La rueda del hámster

 

Hoy LinkedIn me ha enviado un mail con una sugerencia de empleo que podría interesarme. Concretamente se trataba de una agencia de medios en Barcelona que buscaba un perfil realmente similar al mío. Como no suele ser un perfil muy demandado he decidido cotillear la oferta. “Por si las moscas…”.
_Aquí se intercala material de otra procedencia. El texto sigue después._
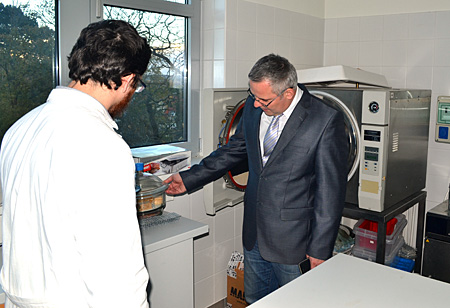 Prof. Dr. Németh Róbert, a Soproni Egyetem tudományos és külügyi rektorhelyettese a Faanyagvédelmi laboratóriumban.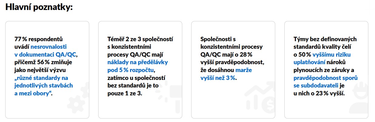 „Prosazení konzistentní kontroly kvality zůstává ve stavebnictví zásadní výzvou. Organizace sice tvrdí, že ji ‚uplatňují', ale realita je jiná – standardy se rozcházejí napříč týmy i subdodavateli. Více než polovina firem postrádá vymahatelné mechanismy vůči subdodavatelům a jednotné digitální řešení pro řízení kvality je spíše výjimkou," popisuje Adam Heres Vostarek s tím, že 78 % dotázaných odborníků je přesvědčeno, že důslednější kontrola kvality by zlepšila marže stavebních firem.

En principio la oferta podría haber parecido interesante. Se trataba de una gran agencia que conozco bien, las tareas y responsabilidades pintaban muy bien, el perfil requerido encajaba bastante bien con el mío… hasta que he llegado al apartado competencias personales. Pedían cualidades necesarias y habituales para este puesto: inquietud por aprender, iniciativa, orientación a cliente, orientación a calidad, trabajo en equipo, pensamiento analítico… Pero lo que me ha impactado que además de éstas, y situadas en las top 3 cualidades que se requerían, estaba la tolerancia, la gestión de la presión y la gestión del stress. Entre líneas he leído: puesto no adecuado para madres, no apto para personas con compromisos familiares, abstenerse cuarentañeras e incluso preferentemente varones.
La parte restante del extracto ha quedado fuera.